• [WHAT IS NEEDED]: As the answer, give exactly the lines of the records below from the one with "- Redirect to the MQL5 authorization page." through the one with "A fim de entender", ends included and pictures left out.

• [INPUT FOR THIS TASK]:
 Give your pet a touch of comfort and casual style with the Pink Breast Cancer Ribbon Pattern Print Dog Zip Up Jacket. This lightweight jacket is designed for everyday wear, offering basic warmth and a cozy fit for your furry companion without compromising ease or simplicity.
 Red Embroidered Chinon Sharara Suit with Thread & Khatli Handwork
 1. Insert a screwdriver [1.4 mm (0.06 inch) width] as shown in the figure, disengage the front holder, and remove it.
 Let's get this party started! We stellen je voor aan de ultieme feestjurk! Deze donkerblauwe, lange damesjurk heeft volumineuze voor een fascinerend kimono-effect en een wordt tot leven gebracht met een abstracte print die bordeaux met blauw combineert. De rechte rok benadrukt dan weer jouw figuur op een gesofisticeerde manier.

==

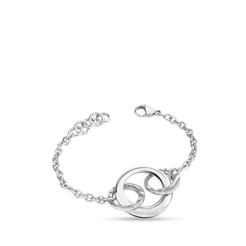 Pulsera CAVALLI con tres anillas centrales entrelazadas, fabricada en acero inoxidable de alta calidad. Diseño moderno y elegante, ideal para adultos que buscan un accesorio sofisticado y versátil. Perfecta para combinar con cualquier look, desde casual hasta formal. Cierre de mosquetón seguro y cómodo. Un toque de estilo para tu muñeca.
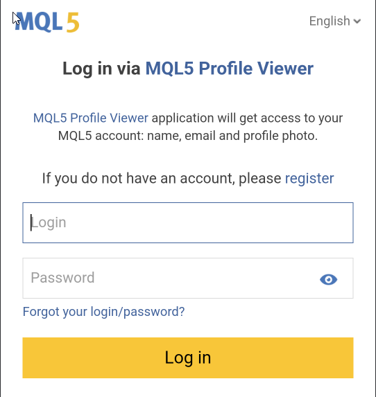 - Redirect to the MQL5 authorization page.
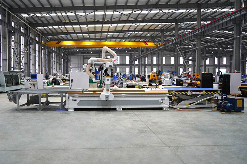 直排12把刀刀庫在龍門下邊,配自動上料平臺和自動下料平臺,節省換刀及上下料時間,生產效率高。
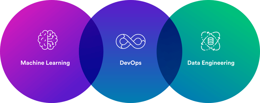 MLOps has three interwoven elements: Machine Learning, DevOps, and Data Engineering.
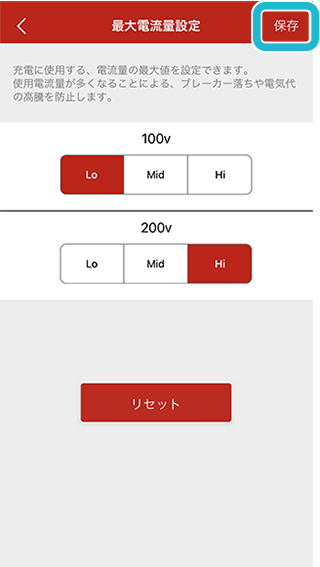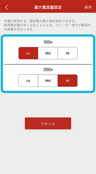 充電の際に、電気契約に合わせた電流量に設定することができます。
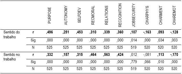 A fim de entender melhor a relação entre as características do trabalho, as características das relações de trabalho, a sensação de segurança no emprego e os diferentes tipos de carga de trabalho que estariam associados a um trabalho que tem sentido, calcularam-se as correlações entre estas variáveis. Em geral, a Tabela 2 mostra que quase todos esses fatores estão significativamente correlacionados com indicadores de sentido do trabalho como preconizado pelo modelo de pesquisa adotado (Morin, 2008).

• [RESULT]:
 - Redirect to the MQL5 authorization page.
 直排12把刀刀庫在龍門下邊,配自動上料平臺和自動下料平臺,節省換刀及上下料時間,生產效率高。
 MLOps has three interwoven elements: Machine Learning, DevOps, and Data Engineering.
 充電の際に、電気契約に合わせた電流量に設定することができます。
 A fim de entender melhor a relação entre as características do trabalho, as características das relações de trabalho, a sensação de segurança no emprego e os diferentes tipos de carga de trabalho que estariam associados a um trabalho que tem sentido, calcularam-se as correlações entre estas variáveis. Em geral, a Tabela 2 mostra que quase todos esses fatores estão significativamente correlacionados com indicadores de sentido do trabalho como preconizado pelo modelo de pesquisa adotado (Morin, 2008).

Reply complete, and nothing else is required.